Supporting data on potassium iodide are presented. Results are taken from a publication in which reports on studies assessing the mutagenic potential to iodide using the L5178Y mouse (TK+/-) lymphoma assay together with a BALB/c 3T3 transformation assay.

The established mutagens ethylmethanesulphonate (EMS) and dimethylnitrosamine (DMN) were highly active in the mouse lymphoma assay, whereas iodide (KI) was inactive. Using the BALB/c 3T3 transformation assay, the transformational capacities of these same agents, and the positive mutagen N-ethyl-N-nitro-N-nitrosoguanidine (MNNG), were assessed. All concentrations of the iodide tested were inactive in this assay. It can be concluded that potassium iodide did not possess any biologically significant mutagenic or cell transforming ability.

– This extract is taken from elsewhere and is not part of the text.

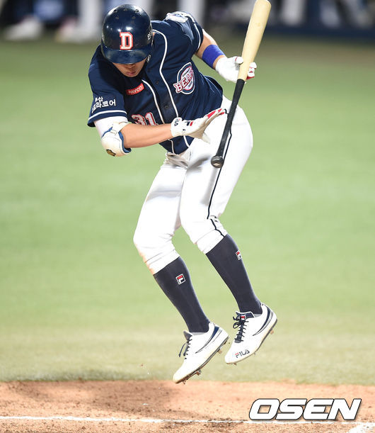 한동안 통증을 호소하며 1루로 걸어나가지 못하고 있던 정수빈은 이내 대주자 장민석으로 교체됐다. 두산 관계자는 "정수빈은 왼쪽 검지에 공을 맞았고, 병원으로 이동해 검진을 받을 예정이다"라고 밝혔다.
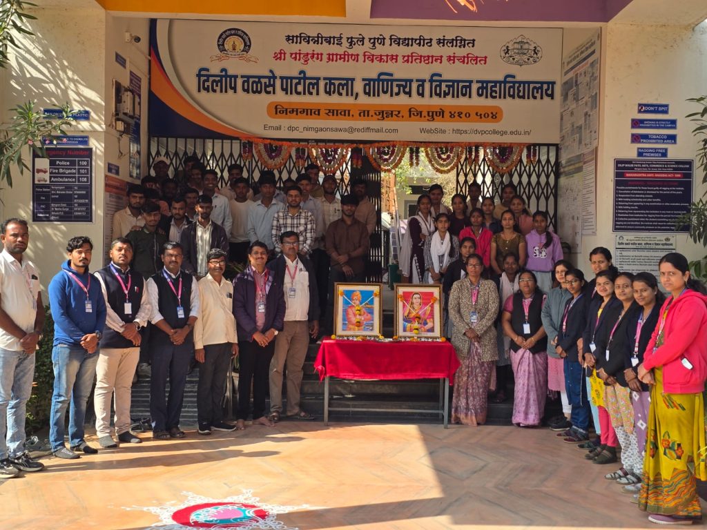 निमगाव सावा दि.१३:- निमगाव सावा (ता. जुन्नर) सावित्रीबाई फुले पुणे विद्यापीठ संलग्नित श्री पांडुरंग ग्रामीण विकास प्रतिष्ठान संचलित दिलीप वळसे पाटील कला वाणिज्य व विज्ञान महाविद्यालयात दि.१२ जानेवारी २०२६ रोजी राजमाता जिजाऊ व स्वामी विवेकानंद यांच्या जयंतीनिमित्त संयुक्त कार्यक्रमाचे आयोजन करण्यात आले.

Both assays were performed to sound scientific principles with a sufficient level of detail to assess the quality of the relevant results. and were assigned a reliability score of 2 according to the criteria of Klimisch (1997).

Justification for classification or non-classification

In accordance with the criteria for classification as defined in Annex I, Regulation 1272/2008, the substance does not require classification for genetic toxicity.